The eagle scout is a nice boy. I wonder how long he´ll last teaching in Bogota. He´s acted wounded since the first night Sarah arrived and we went out to the Zona Rosa, the club and nightlife district. I think he has a crush on her, though I do not think Sarah was impressed that out of the hundreds of places he took us to an American styled brew pub and sports bar. Whatever the matter, the whispering begins as soon we leave the room.

So tonight the dark, empty, freezing streets of Bogota are more appealing than the sideways glances and forced conversation in the warm kitchen at the hostel. But what can happen in a block? Surely the bar down the street is open on a Saturday night just past nine.

The cafe is closed. So is the restaurant another block down the hill. Another block and more of the same. I haven´t been too many places where I didn´t feel comfortable walking the streets, but I´m thinking its best we turn back. We take another street to return the hostel and we pass a bodega that is open. There are a few tables and chairs squeezed into the floor space along the counter. Sarah gets some cigarettes. We order beers and a man offers us a table across from the register. We sit and talk a little. A man one table away is staring at us. His eyes are big and bloodshot, but I don´t notice this at first, only that he is smiling. I smile back to be polite. I imagine they don´t get too many foreigners at the tables of this little corner store. He takes my gesture as an invitation and jumps from his seat to one at our table with a suddenness that does not seem natural nor sane. Now I notice the bulging eyes. I´d peg him for a meth addict were we back home. This being Colombia, he is probably just a coke head.

He tells us he is from the poorest barrio in Bogota, apparently the one that sits just above La Candelaria. Sarah knows this type, says there is a guy like at any party in South America, especially one with gringas. She is hardly listening to him. He is focused on her, wants to dance with her, in what space and to what music I do not know. I try to divert him by talk of football, I ask him about the national team. He says something, then repeats himself, again and again, though I can´t understand him, and can´t help but notice his spittle flying from his mouth and into my beer.

A second man at a table nearer the street is interested in us, in a saner, where are we from?, kind of way. He knows about football and we talk a bit, at times over the head of the coke addict who again is focusing on Sarah.

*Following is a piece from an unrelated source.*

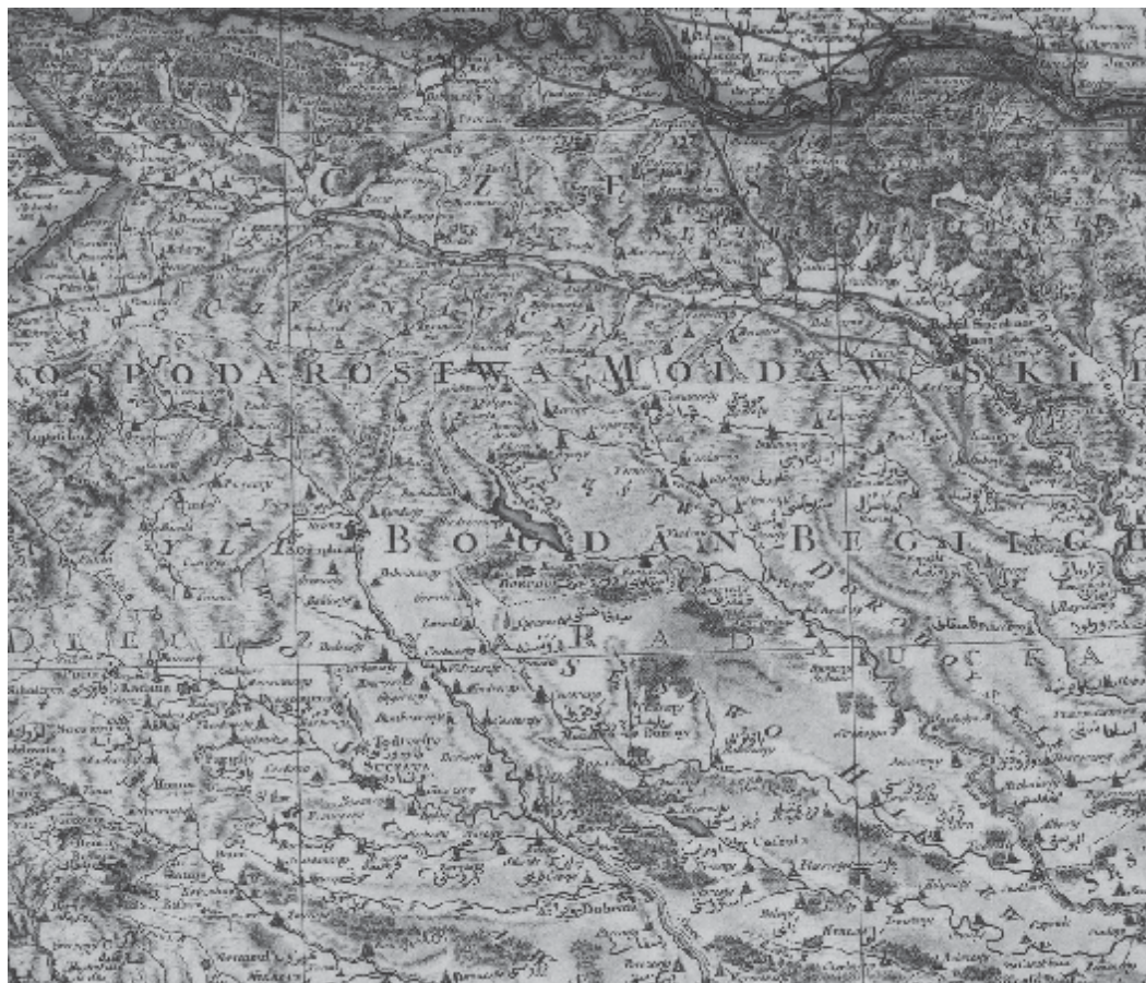
Волості та поселення Молдавської землі на карті кордонів Польщі з Молдавією, виконана фон Ріці-Заноні (друга пол. XVIII ст.). Фрегмент.

правовими питаннями, а більше фіскальними, зростає на селі одночасно з утвердженням фанаріотського режиму в Молдавії, який посилив державну експлуатацію селян. З 40-х років XVIII ст. в обов'язки сільських ворників стали входити головним чином адміністративно-фіскальні функції. Господар Молдавії К. Маврокордат вимагав, щоби двірники сіл не призначалися власниками, або ісправниками, але обиралися сільськими громадами на зборах [12, с.189].

¨She is my cousin,¨ I tell him.

This makes him pause for a minute. Sarah and I begin talking in English. We are enjoying the fact that we may as well be speaking Thai. It is a rare place these days where English can be used as a secret language, but no one here understands a word of what we are saying. The coke head is now grabbing at Sarah. The second man seems embarrassed but says nothing. I tell Sarah in our code that it is time to leave.

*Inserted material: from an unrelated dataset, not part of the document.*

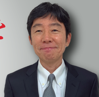
フジテレビ湾岸スタジオビル診療所 院長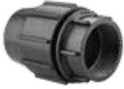
101 اتصالات ماده Female Adaptor PN=10bar

A block away and we notice that the coke head is following after us, but he is either too drunk or too blasted to make anything of his pursuit. We stop in front of the first open cafe we´ve seen all night, with what sounds like a live jazz piano, and our friend waddles by us and on up the hill.

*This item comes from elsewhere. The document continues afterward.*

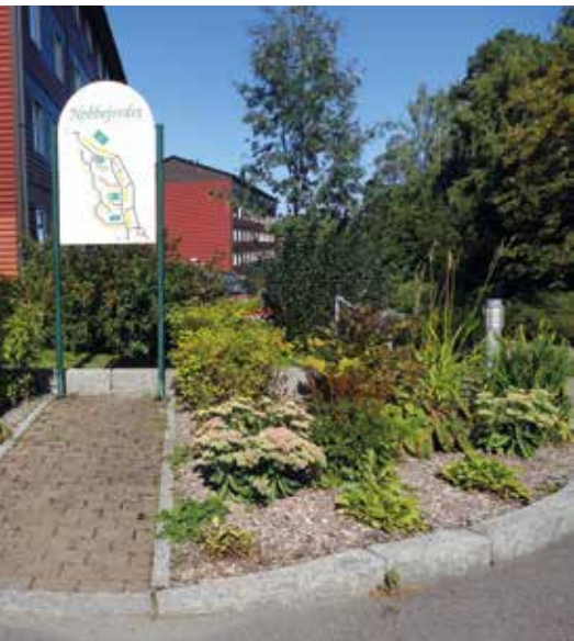
Inngangen til Nebbejordet borettslag sett fra snuplassen øverst i Bjørnerudveien.

The kitchen is empty save for Eduardo, the boy who serves as the night guard, nodded off in front of the television. We sip tea and look through the cards in Class Struggle. I remember this Marxist board game from my last trip here. The box has a picture of Karl Marx arm wrestling one of the Rockefellers. The object of the game is the alliance of the non-ruling classes to overthrow the capitalist system. The professor who wrote the game recommends it as a classroom tool. I must get one of these games for my friend James, I remind myself.